## STORED DATA
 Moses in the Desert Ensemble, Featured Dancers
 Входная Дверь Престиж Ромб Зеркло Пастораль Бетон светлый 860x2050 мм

* * *

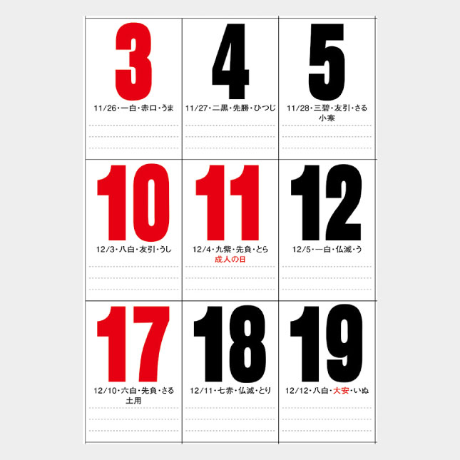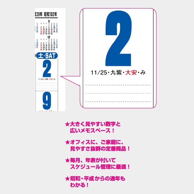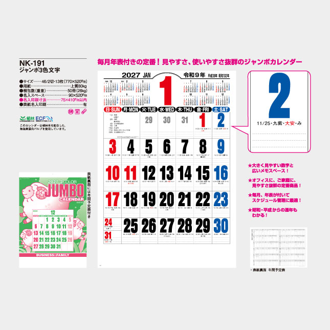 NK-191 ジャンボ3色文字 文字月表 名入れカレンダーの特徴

## WHAT TO WORK ON
In the data above, find the line with "Moses in the" and the line with "Входная Дверь Престиж". Retype both, plus every line between them, exactly.

## FINISHED TASK
 Moses in the Desert Ensemble, Featured Dancers
 Входная Дверь Престиж Ромб Зеркло Пастораль Бетон светлый 860x2050 мм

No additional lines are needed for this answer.